Why is this study so important? First, it confirms, in a well-controlled trial with hypoglycemia induction from exercise, that our current technology using LGS is adequate to reduce the duration of hypoglycemia in adult patients with type 1 diabetes already using CSII. Moreover, it seems reasonable to assume that as CGM technology improves, even more hypoglycemia will be prevented. Second, although hypoglycemia was minimized in this study, it was not prevented. Given the massive peripheral glucose disposal with exercise and the long duration of our current insulin formulations, this was no surprise. Finally, and perhaps most importantly, this current system was shown to be safe. This is also expected given the kinetics of the insulin during a 2-h suspension of insulin as noted above.

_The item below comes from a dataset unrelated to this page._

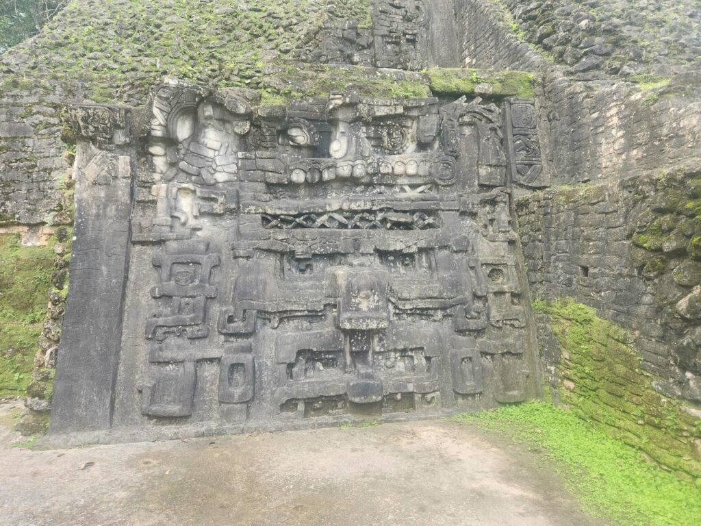 The northernmost uncovered structure at Lamanai was a smaller pyramid, but it had two giant faces carved into each side of the main stairway, each taller than Delaney or I! We overheard a nearby tour guide explaining how they were discovered- the Mayans, over successive generations, would build new pyramids right on top of the old ones, covering up all sorts of carvings and stucco sculptures. It has preserved many things that would have otherwise decayed in the wet climate. However, once the faces were uncovered, they are once again subject to decay, so the real faces were removed, and the ones here are replicas! They were very convincing replicas, and the tour guide knocked his finger on them to show how they were made out of fiberglass and plaster. In the other Mayan sites we’ve been to, we’ve found that quite a few of the carvings and stelae are fiberglass replicas. The replicas are very good but I wish that they would keep the real ones on site- most are in museums in the larger cities, or taken abroad by the early archeologists.

What next? Many of us are still in scratching our heads that this system using LGS has been available in the United Kingdom since September 2009 yet is still not approved in the United States. Even though the frequency of severe hypoglycemia has decreased with improved insulin delivery strategies and the introduction of insulin analogs, hypoglycemia remains far too common. In the secondary cohort (baseline glycosylated hemoglobin <7%) of the Juvenile Diabetes Research Foundation CGM study, hypoglycemia (<70 mg/dL) was present 6.3% of the time (1.5 h/day). 10 In another population of well-controlled type 1 diabetes patients, nocturnal hypoglycemia occurred in over half of the patients. 11 What we do not know definitively is mortality from hypoglycemia in our current era of insulin therapy. But we know it occurs, and even one death is too many.
In June 2011, the U.S. Food and Drug Administration released a draft guidance for industry for investigational device exemptions and premarket approval applications for LGS systems. 12 Required patient populations for study, primary end points, and trial designs were defined. However, because this is a draft guidance, it is unclear what the pivotal trials will look like. There has been much concern from the diabetes community about these initial guidelines, but we still await a final draft. Meanwhile, money continues to be spent on new studies that may not adequately address relevant questions, patients who could benefit from this technology remain without access, and, more chillingly, the sponsor could find the business strategy so ominous that this entire area of research be abandoned. This worst-case scenario could portend a similar future for development of a true “artificial pancreas” should the regulatory pathways become too difficult and expensive.
In the meantime, the ASPIRE study provides one more piece of information that, indeed, LGS can reduce exercise-induced hypoglycemic exposure. It is hoped that there will be more data provided quickly so that those patients who can benefit from LGS will have access.